Agricultural Research Service

Title: National Common Scab Trial of Potato Varieties and Advanced Selections in 2002

Authors
item Haynes, Kathleen
item Wanner, Leslie
item Thill, Christian - UNIV MINNESOTA
item Miller, Jeffrey - UNIV MINNESOTA
item Novy, Richard - USDA
item Corsini, Dennis - USDA

Submitted to: American Journal of Potato Research
Publication Type: Peer Reviewed Journal
Publication Acceptance Date: March 20, 2004
Publication Date: January 20, 2005
Citation: Haynes, K.G., Wanner, L.A., Thill, C.A., Miller, J., Novy, R.G., Corsini, D.L. 2005. National common scab trial of potato varieties and advanced selections in 2002. Am. J. Potato Res. 87:72-73 (Abstract).

Interpretive Summary: Common scab is a serious soil-borne disease of potato tubers that causes raised, superficial, or pitted lesions. These lesions make the tubers unattractive for fresh market. In addition, these lesions result in peeling losses and generate excess waste for potato chip or french fry processors.

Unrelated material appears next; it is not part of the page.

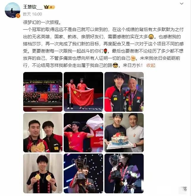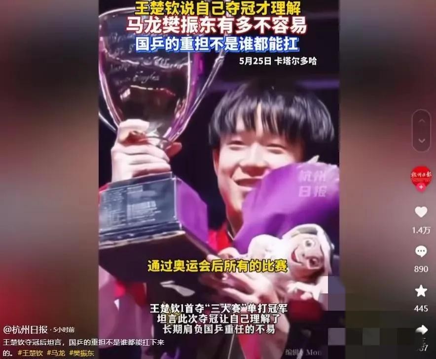 这边樊振东还没正式回归,那边王楚钦就先“放大招”了。5月25号晚的多哈世乒赛男单决赛,他4比1干脆利落地打败巴西名将雨果,直接解锁个人三大赛单打首冠成就,彻底打破“大赛软脚虾”的质疑。这场胜利有多牛?不仅延续了国乒在世乒赛男单11连冠的神话,还让王楚钦完成从潜力新星到世界冠军的蜕变。赛后他发朋友圈感慨:“这一路跟做梦似的……再难也要证明自己!”采访时还特意提到樊振东:“年纪越大越明白,以前龙哥、东哥扛着队伍有多不容易。”这话里话外,满是对前辈的敬意,也透着自己扛起责任的决心。

Efforts to develop new scab resistant varieties have met with limited success because of the complex nature of host resistance, genetic variability in the causal organism, and environmental variability. The purposes of this study were to determine how much resistance to common scab exists in some of the more recently released varieties grown across a wide range of environments and to determine if the severity of scab infection is consistent from one growing environment to another. Seventeen potato varieties were evaluated in Idaho, Maine, and Minnesota in scab infested fields. We found that the severity of scab infection varies considerably across locations, making it difficult to predict how a variety grown in one location will react in a different location. In the future, breeding efforts to develop new resistant varieties should focus on identifying those varieties consistently having less severe reactions to scab across different locations. This information will be used by potato producers and extension agents to choose suitable potato varieties for production. Ultimately, the development and use of new scab resistant varieties will reduce economic losses to growers, processors, and consumers.

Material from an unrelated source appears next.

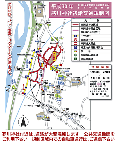 また、12月31日(日)午後10時から2017年1月3日(水)午後5時までは、寒川神社の周辺道路で交通規制が行われる=案内図。毎年、寒川神社には正月三が日だけで約30万人もの初詣客が訪れており、バスや電車などの公共交通機関の利用を呼びかけている。圏央道のさがみ縦貫道路線の交通量も増えたことから、かなりの人出が予想される。

Technical Abstract: Common scab, caused by Streptomyces spp., is a soil-borne disease of potato tubers, seriously affecting marketability of the crop. The results of screening potato germplasm for severity of common scab can be variable. The purpose of this study was to evaluate the stability of common scab phenotypes in advanced germplasm from public potato breeding programs in different regions of the United States. Seventeen clones, consisting of four standard check varieties (Atlantic, Superior, Russet Burbank, Ranger Russet), six recently released varieties (Alturas, Bannock Russet, Gem Russet, Harley Blackwell, Ivory Crisp, Liberator), and seven numbered selections (A84118-3, A90586-11, AF1758-7, B0766-3, B1240-1, MSG227-2, SC8801-2) were evaluated at each of three locations (ID, ME, MN). After harvest, each tuber was scored for the percent of surface area covered with lesions and the type of lesion. These scores were converted to an area index (AI) and a lesion index (LI). There were significant differences among clones for LI, but not for AI. There were significant clone x location interactions for both AI and LI. Ten clones were unstable for AI before removal of environmental heterogeneity, and nine clones were stable after removal of environmental heterogeneity. Nine clones were unstable for LI before removal of environmental heterogeneity, and eight clones were unstable after removal of environmental heterogeneity. These results indicate that the responses of these clones vary considerably over environments and evaluation at multiple sites is important for identifying clones with stable disease phenotypes.